GLM and Spatial Extent

One of the key advantages of the Geostationary Lightning Mapper (GLM) is the ability to observe the spatial extent of lightning.  The example here shows a 1 minute accumulation of the GLM event density over Louisianna and the Gulf of Mexico.  As an aside, a GLM event is any light detected by the GLM in a 2 ms time frame.  The GLM event density is compared with the corresponding radar reflectivity and the corresponding National Lightning Detection Network (NLDN) cloud-to-ground flash density, also at 8 km.  Unlike the GLM, the NLDN identifies the location that a flash goes to ground.  (For this example, the data were accumulated into an 8 km grid that masks this NLDN capability.)  The GLM in this example shows that the total lightning is extending well beyond the locations where flashes are coming to ground into the stratiform region.  Additionally, in the southwestern portion of this example, the GLM is showing intra-cloud lightning over the Gulf of Mexico where there are no cloud-to-ground observations.


GLM 8 km, 1 minute event density accumulation (left) with the corresponding radar reflectivity and 8 km, 1 minute NLDN cloud-to-ground density (right).
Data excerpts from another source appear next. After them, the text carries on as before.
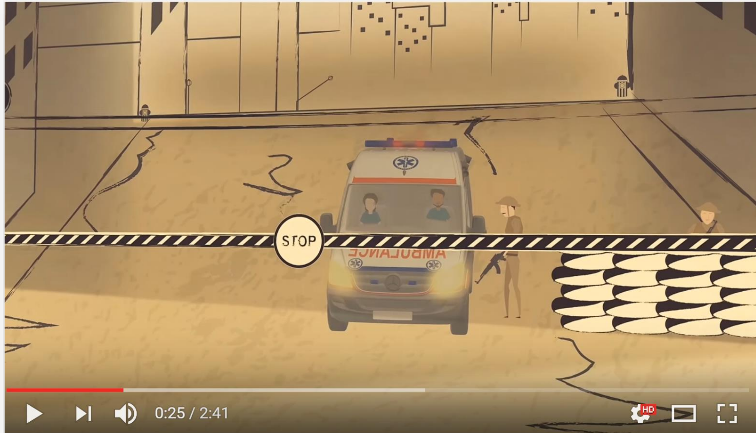
Protecting health care together

HEALTH CARE MATTER IT'S A MATTER OF LIFE IN DANGER & DEATH
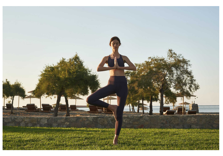
EXPLORE MORE AT WWW.LINDIANVILLAGE.GR

Gym: 24-hour access Tennis Court: Available with complimentary access and equipment. Private lessons are also available with extra charge. Yoga Room: Complimentary Access
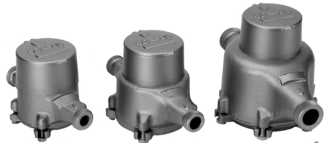
5/8" (DN 15mm) SR II®
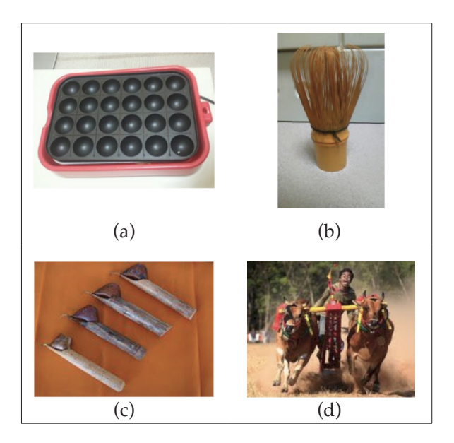
Figure 2. Student photographs of Mystery Cultural Objects/Activities.

Step 3. Students then post the photo on the Facebook group page and ask students in the partner country to guess what the object is used for, or in the case of an activity, ask what people are doing and why. Students from the other culture write posts making guesses about the use or purpose of the object/activity.
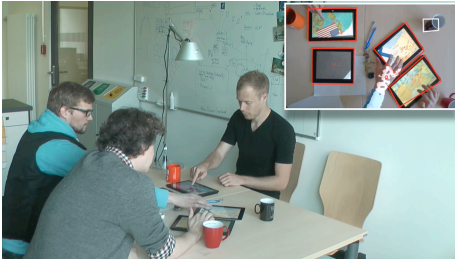
Figure 1. HuddleLamp supports a device ecology of heterogeneous form factors and display sizes for ad-hoc around-the-table collaboration.
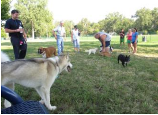
Koda, Marx, Lucy, Dexter, Rex, and Tillie
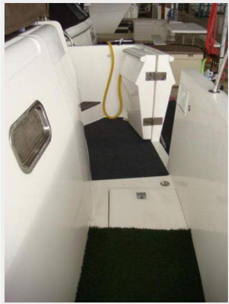
43' Mainship cockpit starboard
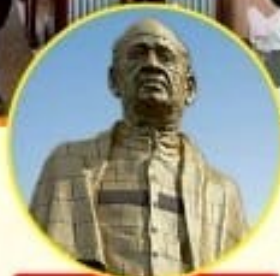
Statue of Unity
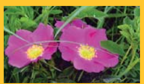
Prairie wild rose

The root system has very stout deep vertical roots that descend 10 to12 feet below the soil surface along with widespreading horizontal roots near the soil surface. This root system allows Prairie Wild Rose to increase during drought
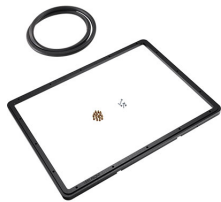
1550PF Special Application Panel Frame
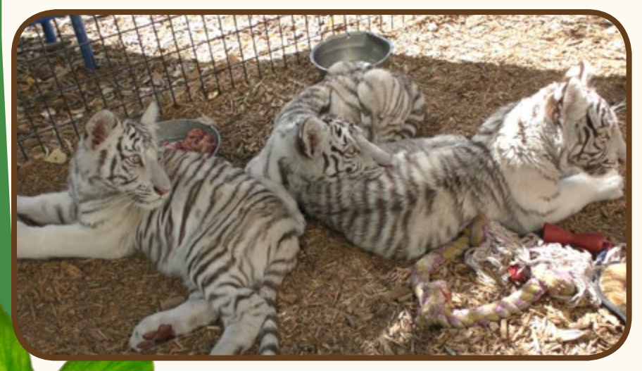
If they survive, they will eventually grow too big to be handled. At that time they are no longer profitable and their fate is questionable.
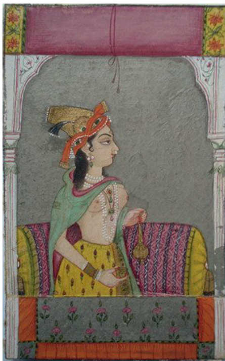
Fig. 18. Courtesan with cup and flask, 1770, Bikaner, private collection
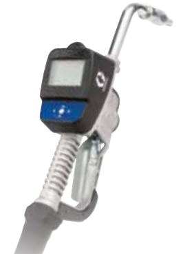
SDM and SDP Meters
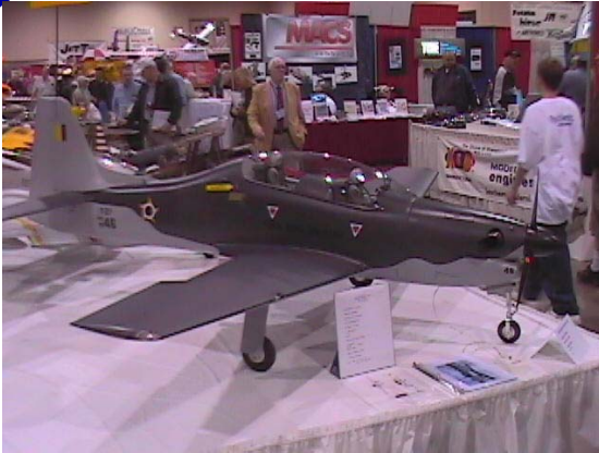
This model is actually powered by a turbo-prop. Very impressive

NOTE:  NOAA’s GOES-16 satellite has not been declared operational and its data are preliminary and undergoing testing. Users receiving these data through any dissemination means  (including, but not limited to, PDA and GRB) assume all risk related to their use of GOES-16 data and NOAA disclaims any and all warranties, whether express or implied, including (without limitation) any implied warranties of merchantability or fitness for a particular purpose.